There is more than one treebank for the Greek New Testament, and each treebank has its own model and its own analysis, so it is useful to be able to compare multiple treebanks. It is also quite likely that one treebank may be better for analyzing a particular construction, and another treebank may be better for analyzing a different construction. The tutorial you are looking at illustrates some of the kinds of queries that can be done using the PROIEL treebanks for the Greek New Testament and Jupyter notebooks. It uses the greeksyntax package, written to simplify the task of writing queries for this environment. It is aimed at someone who knows Greek fairly well but may not have experience with query languages or programming.
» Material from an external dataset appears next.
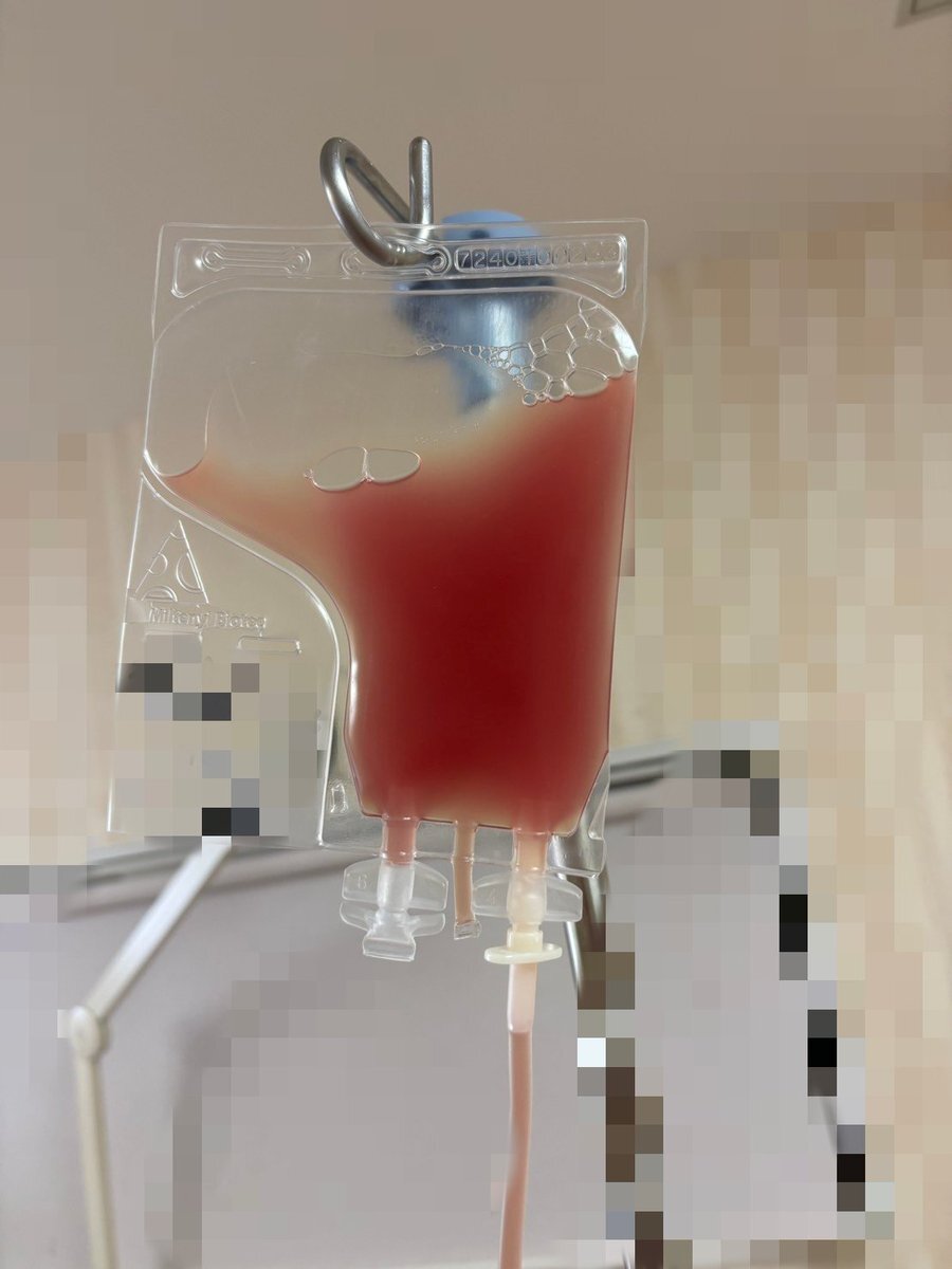 個人が特定されないように少し前の話になるんだけど移植のときのこと 写真はわたしから採取した造血幹細胞です 普通の血液より色が薄め🤔 1パック70mlでそれが3パックの合計210mlの移植 #急性骨髄性白血病 #ドナー pic.x.com/kQ6sq5Vpor

To allow the same kinds of queries used for Lowfat trees, PROIEL data has been converted to Lowfat format. The original PROIEL data can be found here, the Lowfat representation can be found here, the query used to convert PROIEL to Lowfat format can be found here. To understand the attributes in this treebank, see this document:

This tutorial does not cover installation. It assumes that you have installed BaseX and that the current PROIEL Lowfat Syntax Trees are installed in a database called "nestle1904lowfat". It also assumes that you are running a Jupyter notebook from the labnotes subdirectory in the greek-new-testament repo from biblicalhumanities.org. See this post for details on installation: Exploring Greek Syntax with Jupyter Notebooks.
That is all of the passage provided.